TL;DR
This study evaluates elastic network models (ENMs) for RNA by comparing their predictions with molecular dynamics simulations and SHAPE experimental data, finding that simplified models effectively capture RNA dynamics.
Contribution
It extends ENM approaches to RNA molecules and identifies the most accurate and computationally efficient representations for modeling RNA internal motions.
Findings
All-atom and three-beads-per-nucleotide models best match experimental data.
Simplified models balance accuracy and computational efficiency.
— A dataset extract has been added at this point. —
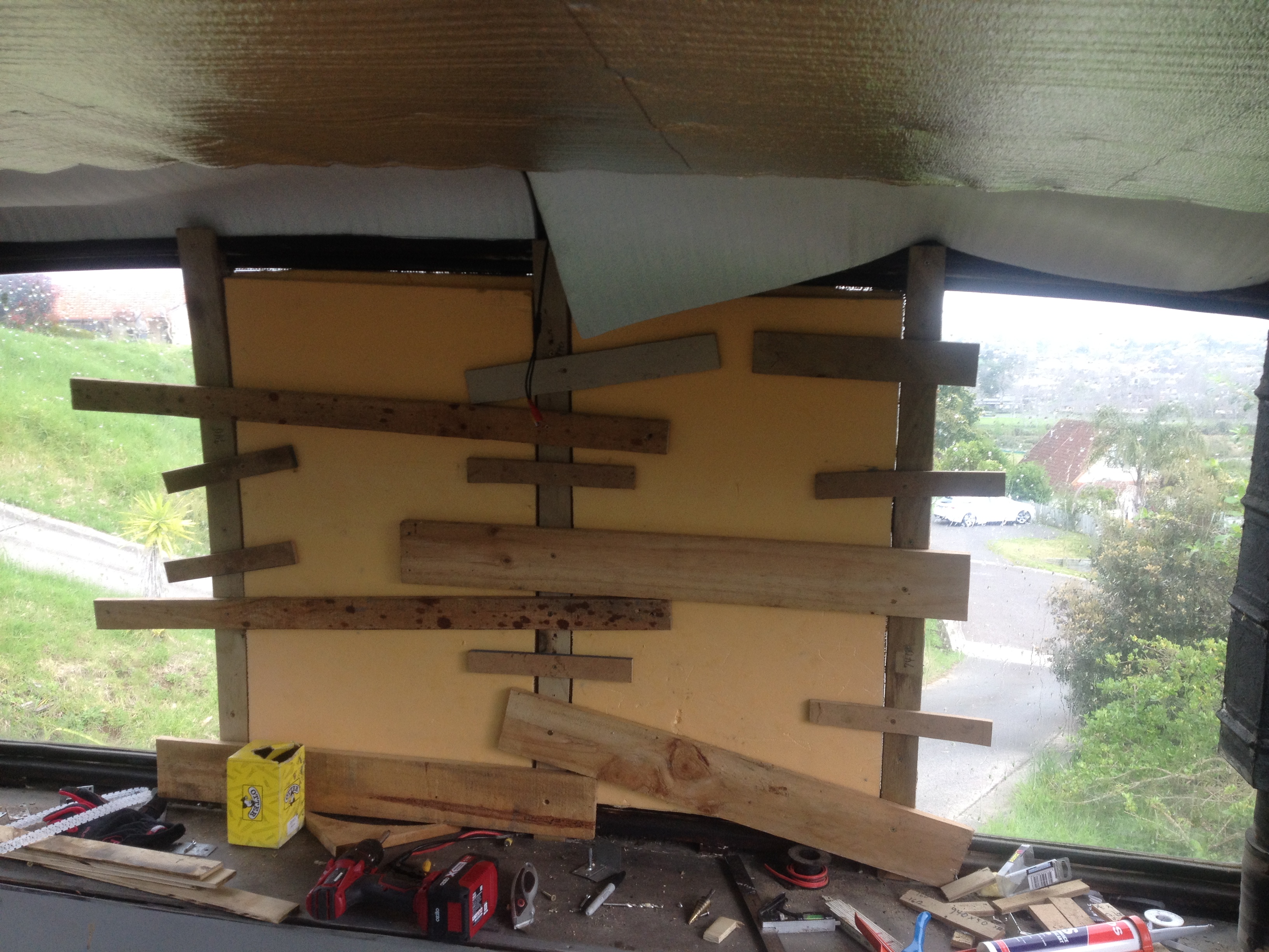 Kannettiin mylly bussin viereen ja jo alko foaminviipalointi helpottuu. Joka päivä mietin, kuinka toi ois Suomessa rakennettu jo kauan sitte. Nää ei oikeesti ymmärrä täällä mitä on eriste. Joka kerta Bunningsin (Starkki) tiskillä täytyy vastata "mikä toi o" -kysymykseen ku kannan XPS-levyn niitten omasta hyllystä siihe. "Insulfoam" hakusanalla löytyy niitten tietokannasta, että tiedätte sit ku sattuu omalle kohalle...

ENMs can reliably characterize RNA dynamics.
Abstract
Elastic network models (ENMs) are valuable and efficient tools for characterizing the collective internal dynamics of proteins based on the knowledge of their native structures. The increasing evidence that the biological functionality of RNAs is often linked to their innate internal motions, poses the question of whether ENM approaches can be successfully extended to this class of biomolecules. This issue is tackled here by considering various families of elastic networks of increasing complexity applied to a representative set of RNAs. The fluctuations predicted by the alternative ENMs are stringently validated by comparison against extensive molecular dynamics simulations and SHAPE experiments. We find that simulations and experimental data are systematically best reproduced by either an all-atom or a three-beads-per-nucleotide representation (sugar-base-phosphate), with the latter…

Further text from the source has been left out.